Forscher zählen immer weniger Vögel in Deutschland

Forscher zählen immer weniger Vögel in Deutschland

 

 

 

 

 

Amsel, Drossel, Spatz und Star: In vielen Regionen Deutschlands sind die Bestandszahlen vieler Vogelarten eingebrochen. Der Westen und der Süden sind stärker betroffen als der Norden und der Osten.

 

 

 

Die Zahl klingt beunruhigend: Innerhalb von 30 Jahren ist die Menge an Vogelbrutpaaren am Bodensee um ein Viertel gesunken. Das zeigt eine Studie von Wissenschaftlern der Ornithologischen Arbeitsgruppe Bodensee und des Max-Planck-Instituts für Verhaltensbiologie. 1980 lebten demnach am Bodensee noch rund 465.000 Brutpaare, 2012 nur noch 345.000.

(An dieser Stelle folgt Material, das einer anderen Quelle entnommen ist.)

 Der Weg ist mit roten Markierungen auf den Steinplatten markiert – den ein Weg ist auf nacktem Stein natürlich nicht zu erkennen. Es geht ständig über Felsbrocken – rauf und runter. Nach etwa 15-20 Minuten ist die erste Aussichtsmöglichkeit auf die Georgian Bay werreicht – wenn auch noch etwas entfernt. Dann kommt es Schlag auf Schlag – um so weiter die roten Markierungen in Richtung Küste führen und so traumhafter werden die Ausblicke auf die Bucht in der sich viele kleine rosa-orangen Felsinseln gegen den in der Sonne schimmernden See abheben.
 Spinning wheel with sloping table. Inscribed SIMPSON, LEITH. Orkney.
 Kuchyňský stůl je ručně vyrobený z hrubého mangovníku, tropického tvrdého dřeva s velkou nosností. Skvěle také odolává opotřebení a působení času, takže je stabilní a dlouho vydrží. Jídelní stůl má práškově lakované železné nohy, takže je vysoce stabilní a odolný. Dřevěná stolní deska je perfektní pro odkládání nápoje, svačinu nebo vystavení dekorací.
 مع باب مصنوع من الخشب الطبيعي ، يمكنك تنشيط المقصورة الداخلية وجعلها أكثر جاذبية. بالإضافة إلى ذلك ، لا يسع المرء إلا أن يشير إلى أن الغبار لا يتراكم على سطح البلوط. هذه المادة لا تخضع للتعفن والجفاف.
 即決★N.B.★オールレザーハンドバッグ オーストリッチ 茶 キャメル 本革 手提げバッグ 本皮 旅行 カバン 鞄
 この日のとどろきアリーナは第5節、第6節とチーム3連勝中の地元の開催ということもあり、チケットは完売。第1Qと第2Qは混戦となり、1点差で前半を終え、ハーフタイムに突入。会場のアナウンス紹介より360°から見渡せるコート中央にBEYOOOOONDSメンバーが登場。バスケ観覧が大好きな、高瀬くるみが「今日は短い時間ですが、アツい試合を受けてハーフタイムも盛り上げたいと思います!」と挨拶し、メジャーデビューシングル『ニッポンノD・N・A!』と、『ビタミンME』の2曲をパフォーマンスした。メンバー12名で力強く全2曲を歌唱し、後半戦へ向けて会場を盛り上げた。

Einst häufige Vogelarten wie Haussperling, Amsel oder Star seien besonders stark zurückgegangen, so Hans-Günther Bauer, einer der Autoren des Beitrags, der in der Zeitschrift “Vogelwelt” veröffentlicht ist. Die Entwicklung am Bodensee bestätige zugleich einen europaweiten Trend.

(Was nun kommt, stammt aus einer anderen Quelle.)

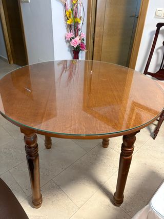 Mesa camilla con sobre de cristal y base de madera. - Diseño redondo. - Patas de madera torneada. - Tiene pocos signos de desgaste por el tiempo. NO SE HACEN ENVÍOS, SE RECOGE EN MÁLAGA CAPITAI🙏🏼
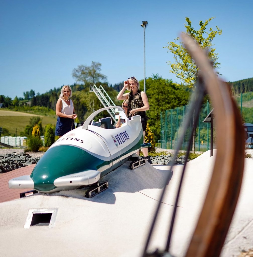 Die Drohnenaufnahme, die beiden Bilder von den Bahnen „Postwiese“ und „Bobbahn“ sowie die „Vorher-Fotos“ vom Gelände wurden mit freundlicher Unterstützung von Monique und Robin Schloßmann zur Verfügung gestellt.
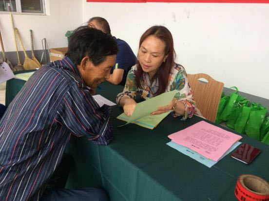 志愿者為農村剩余勞動力介紹潔霸公司招工簡章 村民們認真閱讀招工簡章。
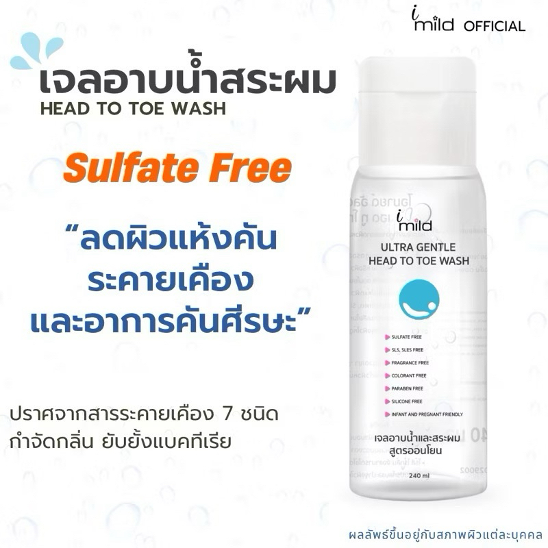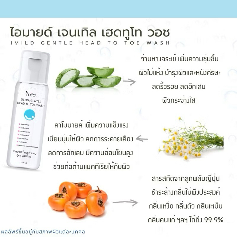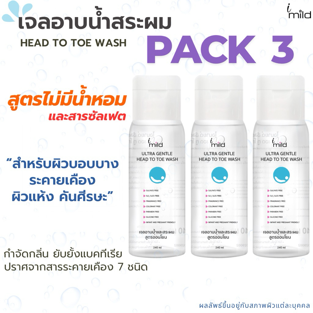 เจลอาบน้ำและสระผม (Pack3) สำหรับผิวแห้ง หนังศีรษะแห้ง คันจากผิวแห้ง แพ้ง่าย เด็ก คนท้อง ใช้ได้ imild
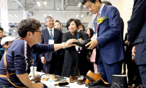 2일 부산 해운대구 벡스코 제1전시장에서 열린 ‘2017 부산국제신발패션섬유전시회’를 찾은 방문객들이 수제화 명장 1호 유홍식 씨(왼쪽 앉은 사람)의 신발 공방 부스를 둘러보고 있다. 17회째인 이번 전시회는 4일까지 열린다. 국내외 신발, 섬유, 패션업체 314개사가 참가했다.
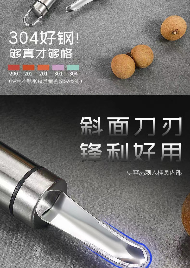 Longan 핵심 제거 도구 Longan 고기 제거 고기 제거 새우 라인 제거 칼 Longan 다기능 스테인레스 스틸 쉘 제거

Auch in anderen Regionen Deutschlands brachen die Bestandszahlen vieler Arten laut dem Ornithologen ein. Allerdings nicht überall genauso dramatisch wie am Bodensee: “Die westlichen und südlichen Regionen sind stärker betroffen als die östlichen und nördlichen.” Das führt er auf die intensivere Landwirtschaft im Süden und Westen zurück.

 

 

Weiblicher Haussperling (Passer domesticus), auch als Spatz bekannt

 

 

Für die Autoren der Langzeituntersuchung gelten heutige Agrarlandschaften als vogelfeindliches Gebiet. “Das einstmals in der Agrarlandschaft häufige Rebhuhn zum Beispiel ist rund um den Bodensee inzwischen ausgestorben. Auch Raubwürger, Wiesenpieper und Steinkauz gibt es dort heute nicht mehr”, sagt Bauer.

 

 

 

 

Für die Datenerhebung hatten die Wissenschaftler sämtliche Vögel auf einer Fläche von rund 1100 Quadratkilometern rund um den Bodensee gezählt. Zuvor hatten die Ornithologen die Bestände erstmals 1980 bis 1981 und dann im Zehnjahresrhythmus erfasst.

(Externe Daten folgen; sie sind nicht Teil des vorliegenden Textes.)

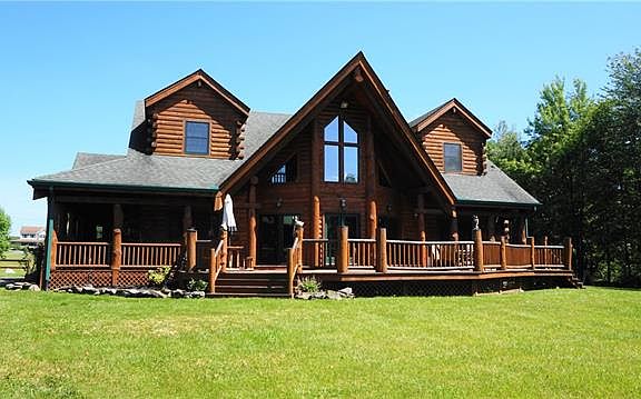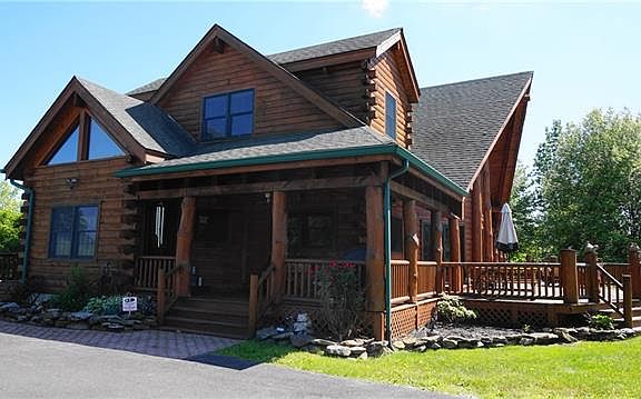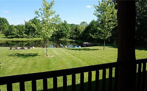 Gorgeous Custom Built Chalet on 4+ Acres with large swimming pond, pristine mountain views and set far from road for privacy!Over 3,600 sq. ft. of living space! Master Suite on the main floor featuring jetted tub & sit down shower and a walkout to deck! Front porch entry to wrap around deck for entertaining to the side porch you will find your quiet time to relax.Gourmet granite kitchen with stainless steel appliances, eat-in kitchen with walk-in pantry, flowing into the formal dining area where raccoons and bear carved massive trees bring whimsy to your experience. Formal living room featuring cathedral ceiling, new energy efficient fireplace & doors to outdoor living. Gleaming wood tones though the home as you go up stairs of logs to open family room & views from all windows! Two large bedrooms with private baths! Finished lower level has media area, gaming & perfect for gym. Bonus of detached 4/6 car heated garage & outdoor furnace if one wishes to utilize.Don???t miss this rare find!
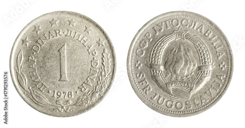 Isolated photo of 1 Jugoslavia dinar 1978 coin obverse and reverse on white background.
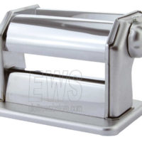 Por lo tanto, la laminadora de pasta manual y la matriz dúplex para hacer tagliatelle y fettuccine ya están incluidas en el paquete. Además, está la abrazadera para fijar la máquina a la mesa de trabajo, la manivela con el mango de madera y el vertedor de pasta de acero cromado.
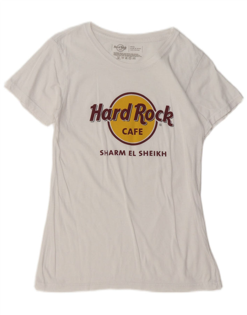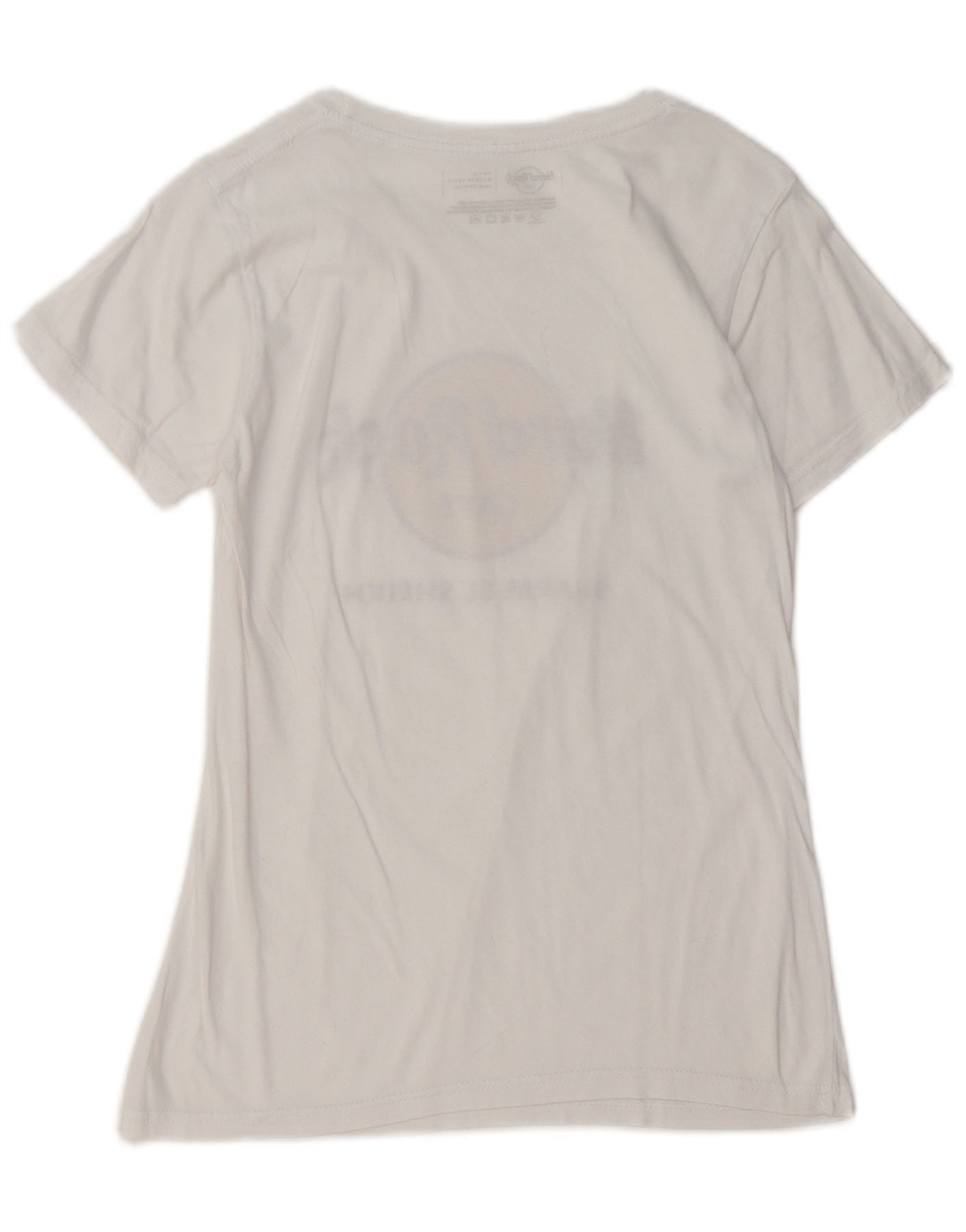 HARD ROCK CAFE Dame Grafisk T-Shirt Top UK 10 Small White

Einer der Hauptgründe für den Rückgang sei der Verlust von Nahrung. So hätten am Bodensee 75 Prozent der Vogelbestände abgenommen, die sich von Fluginsekten ernähren. Bei Arten, die sich von Landwirbellosen ernähren, sind es 57 Prozent. “Dies bestätigt, was wir schon länger vermutet haben: Das durch den Menschen verursachte Insektensterben wirkt sich massiv auf unsere Vögel aus”, erklärt Bauer. Die Arbeitsgruppe fordert unter anderem drastische Beschränkungen von Insekten- und Unkrautvernichtungsmitteln.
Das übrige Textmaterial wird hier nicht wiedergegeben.